Consider the questions in your PACE Strategy Document to reflect on the Execute stage.
Question:
The analysis shows that there is a statistically significant difference in the average view counts between videos from verified accounts and videos from unverified accounts. This suggests there might be fundamental behavioral differences between these two groups of accounts.
It would be interesting to investigate the root cause of this behavioral difference.
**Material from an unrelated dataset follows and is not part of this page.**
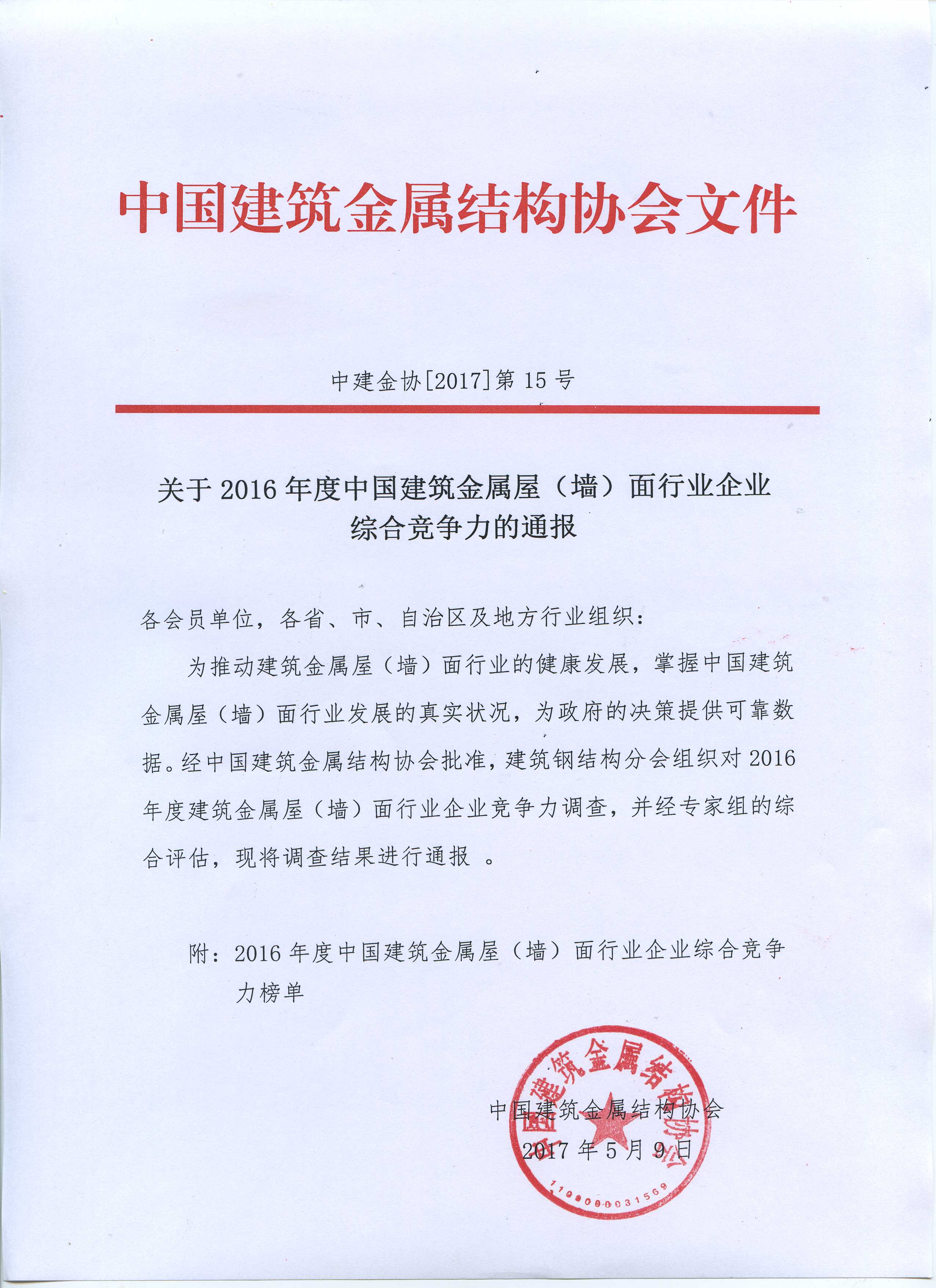 关于2016年度中国建筑金属屋(墙)面行业企业综合竞争力榜单通报
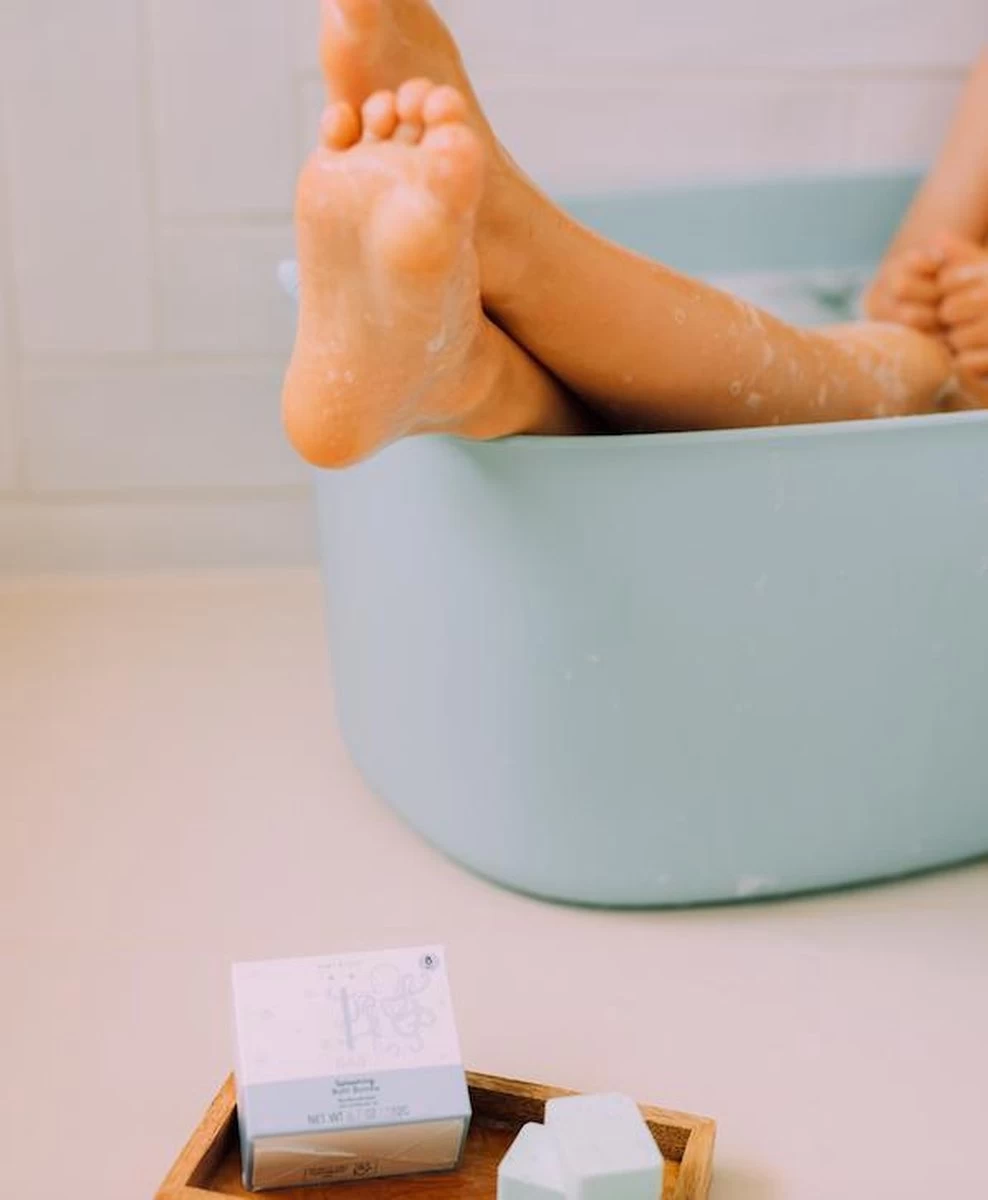 Haal een tablet uit de verpakking en leg ‘m in het bad (lauwwarm water). Het tablet zal licht gaan bruisen en het water een heerlijk geurend schuimlaagje geven. Dit geeft gegarandeerd een glimlach.

For example, do unverified accounts tend to post more clickbait-y videos? Or are unverified accounts associated with spam bots that help inflate view counts?
The next step will be to build a regression model on verified_status. A regression model is the natural next step because the end goal is to make predictions on claim status. A regression model for verified_status can help analyze user behavior in this group of verified users. Technical note to prepare regression model: because the data is skewed, and there is a significant difference in account types, it will be key to build a logistic regression model.